In ottobre, il dipartimento del tesoro statunitense stimava che lo Stato Islamico stesse guadagnando da uno a due milioni di dollari al giorno grazie al contrabbando di petrolio. Secondo il WSJ, che cita fonti governative statunitensi, questa cifra sarebbe attualmente scesa.
Tuttavia, la struttura economica dell’ISIS non si ferma al settore energetico: altre attività, come rapimenti, estorsioni, la vendita di reperti archeologici iracheni e siriani, sarebbero i settori più redditizi. Così come, prosegue il WSJ, le donazioni da paesi del Golfo persico, come Qatar e Kuwait.
Le operazioni militari statunitensi avrebbero preso di mira l’infrastruttura petrolifera controllata dall’ISIS, incluse raffineria e strutture di distribuzione , nell’est della Siria e nell’ovest dell’Iraq. In Siria, l’ISIS controllerebbe circa 8 giacimenti di petrolio.

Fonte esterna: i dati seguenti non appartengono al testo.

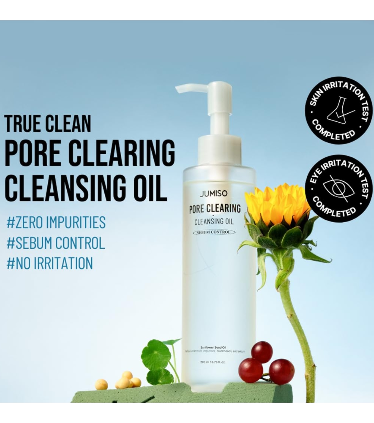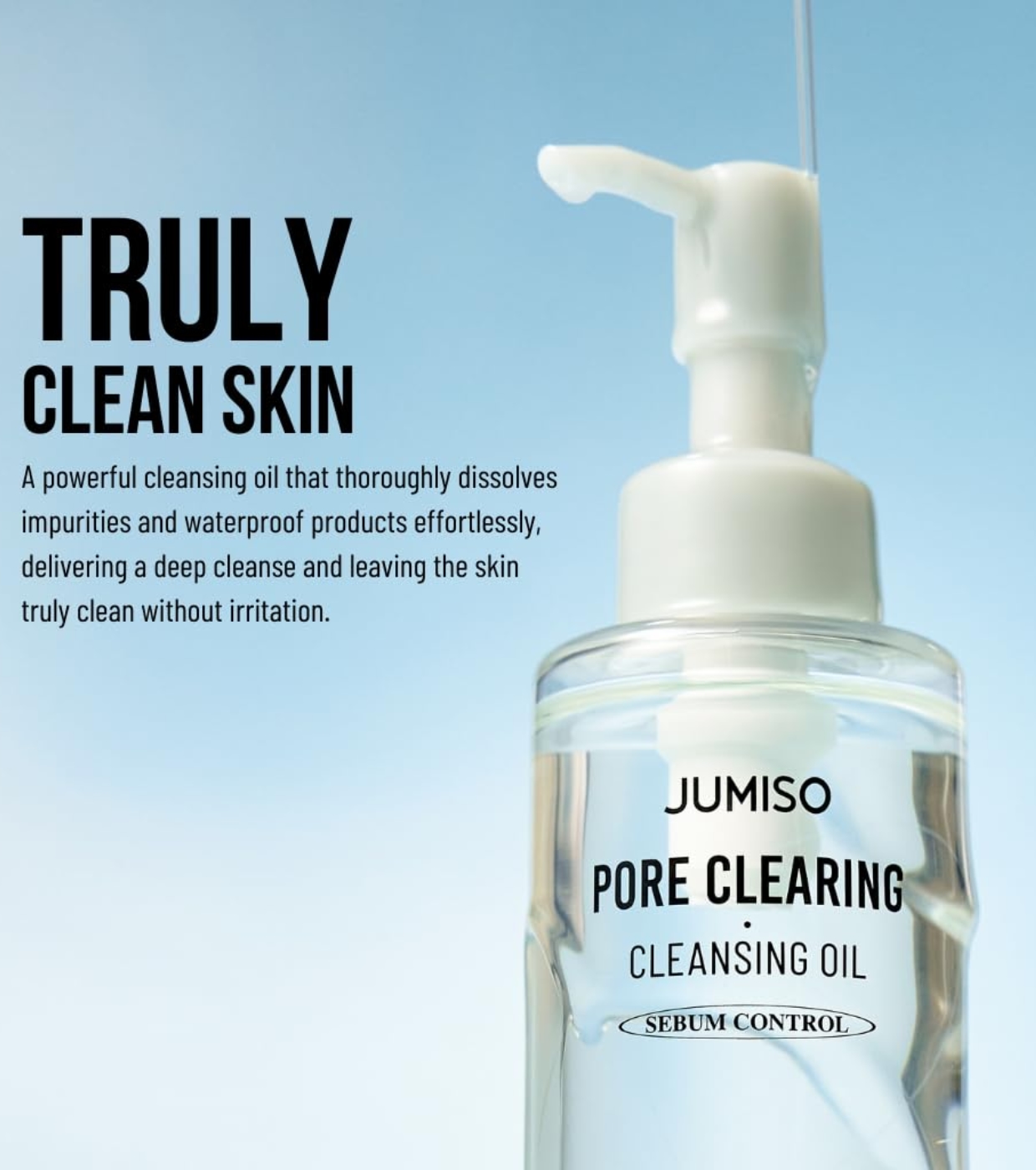 El aceite limpiador para poros Pore Clearing de Jumiso es un limpiador suave pero poderoso formulado con aceites de origen natural como el aceite de semilla de jojoba y el aceite de semilla de girasol.

L’Amministrazione Obama avrebbe inoltre accresciuto la cooperazione con la Turchia e il governo semiautonomo del Kurdistan per contrastare il contrabbando di risorse lungo i territori di questi due paesi attraverso una migliore gestione del controllo dei confini.
Tuttavia, dichiara Amos Hochstein, l’inviato speciale statunitense e coordinatore per gli affari energetici internazionali, c’è ancora molto lavoro da fare. La situazione sul campo sembra dargli ragione.